A bag contains 4 green marbles, 6 red marbles, 14 orange marbles, 5 brown marbles, and 8 blue marbles. You choose a marble, replace it, and choose again. What is P(red, then blue)?
The probability of choosing a red marble on the first draw is 6/37 (6 out of 37 total marbles). Since we replace the marble before the second draw, the probability of choosing a blue marble on the second draw is also 8/37.
To find the probability of both events happening (choosing red and then blue), we multiply the probabilities:
P(red, then blue) = (6/37) * (8/37)
P(red, then blue) = 0.0366 or approximately 3.66%
3.66 as a fraction
We can write 3.66 as a fraction by dividing 3.66 by 1:
3.66/1
To get rid of the decimal, we can multiply both the numerator and denominator by 100:
3.66/1 x 100/100
This simplifies to:
366/100
We can further simplify by dividing both the numerator and denominator by their greatest common factor, which is 2:
183/50
Therefore, 3.66 as a fraction is 183/50.
To find the probability of choosing a red marble and then a blue marble, we need to multiply the probabilities of each event happening.

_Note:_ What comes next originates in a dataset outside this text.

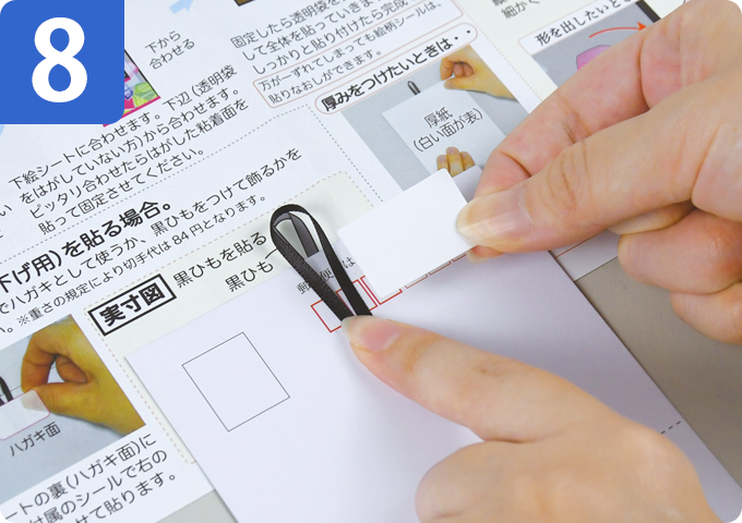 飾る場合は、裏面に飾りヒモをシールで貼って完成です。

Step 1: Calculate the probability of choosing a red marble:
There are a total of 4 + 6 + 14 + 5 + 8 = 37 marbles in the bag. Out of these, there are 6 red marbles. Since we are replacing the marble after each selection, the probability of choosing a red marble on the first draw is 6/37.
Step 2: Calculate the probability of choosing a blue marble:
After replacing the first marble, there are still 37 marbles in the bag, but now there are 8 blue marbles. So the probability of choosing a blue marble on the second draw is 8/37.
Step 3: Multiply the probabilities:
To find the probability of both events happening, we multiply the probability of choosing a red marble and the probability of choosing a blue marble:
P(red, then blue) = (6/37) * (8/37) = 48/1369.
Therefore, the probability of choosing a red marble, replacing it, and then choosing a blue marble is 48/1369.